Journal of Neurosurgery Pediatrics ◽

10.3171/2014.6.peds1423 ◽

2014 ◽

Vol 14 (3) ◽

pp. 296-300 ◽

Cited By ~ 1

Author(s):

Da Li ◽

Shu-Yu Hao ◽

Zhen Wu ◽

Li-Wei Zhang ◽

Jun-Ting Zhang

Keyword(s):

Medulla Oblongata ◽

Histopathological Examination ◽

Mature Teratoma ◽

Radiographic Findings ◽

First Case ◽

Cystic Component ◽

Long Term Follow Up ◽

History Of

Medulla oblongata teratomas are rare. The authors report 2 new cases of teratomas that occurred exclusively in the medulla oblongata. The first case was in a 9-year-old boy who presented with a 6-month history of neck pain and repeated paroxysmal vomiting. Based on preoperative radiographic findings, the initial diagnosis was of an intraaxial medulla oblongata hemangioblastoma.

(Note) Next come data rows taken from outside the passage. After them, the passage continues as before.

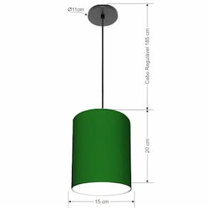 Lustre Luminária Pendente Vivare Free Lux PE-4103PR Cúpula em Tecido 15x20cm - Cor: Verde-folha | Cor da Canopla: Canopla preta e fio preto
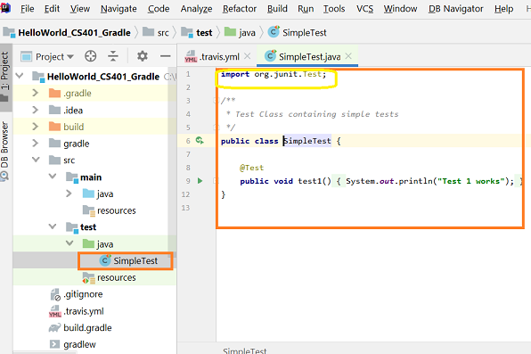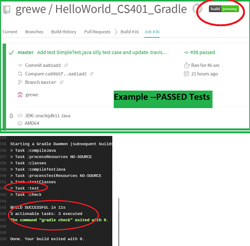 EXAMPLE 2 - calling gradle build and then check (the later calls the test classes)NOTE: this is essentially the same as Example 1 but, wanted to show you different version ....read Travis Ci documentation to learn about all options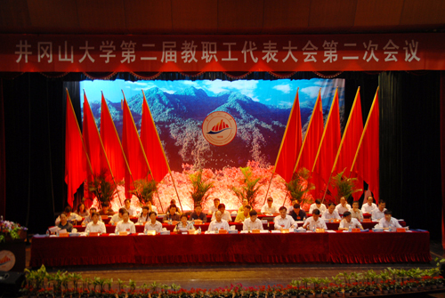 5月7日,我校召开了二届二次教职工代表大会。校党委书记万继抗出席,校长张泰城作学校工作报告,校党委副书记金桂英在会议闭幕时讲话。副校长桂国庆致开幕词,副校长罗学渭致闭幕词,校长助理黄翔峰作关于《井冈山大学“十二五”发展规划(2011—2015)》编制情况的说明。金桂英、桂国庆分别主持大会。副校长王伴青、曾建平、肖长春,党委委员吕玉华、龙学先出席。参加会议的正式代表164人,列席代表14人。会议听取、审议和通过了学校工作报告,听取、审议和通过了学校财务工作报告,听取了提案工作报告,听取、审议和通过了《井冈山大学“十二五”发展规划(2011—2015)》。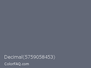 Decimal 5759058453 Color is a normal blue color and the nearest color is Shuttle Gray #5f6672. Hex code #626877 and RGB value is rgb(98,104,119). In RGB color space, this color is composed of 38% red, 41% green, 47% blue, In CMYK color space, this color is composed of 18% cyan, 13% magenta, 0% yellow , 53% black , In HSL color space, this color has a hue angle of 223° , 10% saturation and 43% lightness.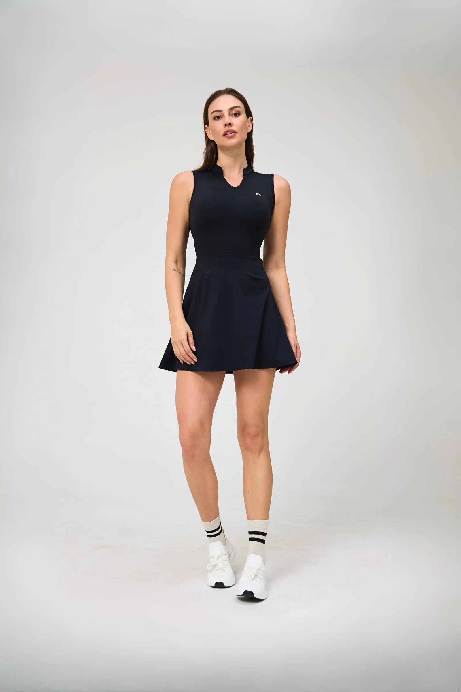 The AMpower Dress thoughtfully crafted from recycled materials, this sleeveless athletic dress is a statement of both style and sustainability. Its contoured fit enhances your natural silhouette, while the flowy skirt offers freedom of movement ; perfect for the court, gym, or casual days out. With its sleek collar detail and minimalist branding, this dress effortlessly blends sporty functionality with everyday sophistication. Step into confidence and comfort, because looking good and doing good should go hand in hand.

Intraoperatively, the cystic component of the tumor was gray, gelatinous, and soft in consistency. The solid component was light pink, rubbery, and nodular in appearance, with an identifiable boundary. The lesion was completely removed. Histopathological investigation revealed a mature teratoma. Postoperatively, the patient was supported with ventilator assistance and received a tracheotomy, but died of intracranial infection. The second case was in a 10-year-old boy with intermittent headache for 1 month. Radiographs revealed an exophytic cystic and solid lesion with dorsal involvement of the medulla oblongata. The lesion was predominantly solid, pinkish gray, tenacious, and moderately vascularized, with clearly delineated surgical dissection planes. The histopathological examination confirmed a diagnosis of immature teratoma. Total resection was achieved, followed by postoperative chemotherapy. He was alive without recurrence of the lesion or symptoms at 59 months after surgery. Resection of medulla oblongata teratoma is challenging, with inherent surgical risks that are contingent on the tumor growth pattern. Teratomas should be considered in the differential diagnosis of brainstem lesions. Chemotherapy has been suggested for immature teratomas. Long-term follow-up and larger studies of teratomas in unusual locations are required to improve practitioners' understanding of this disease's treatment and outcomes.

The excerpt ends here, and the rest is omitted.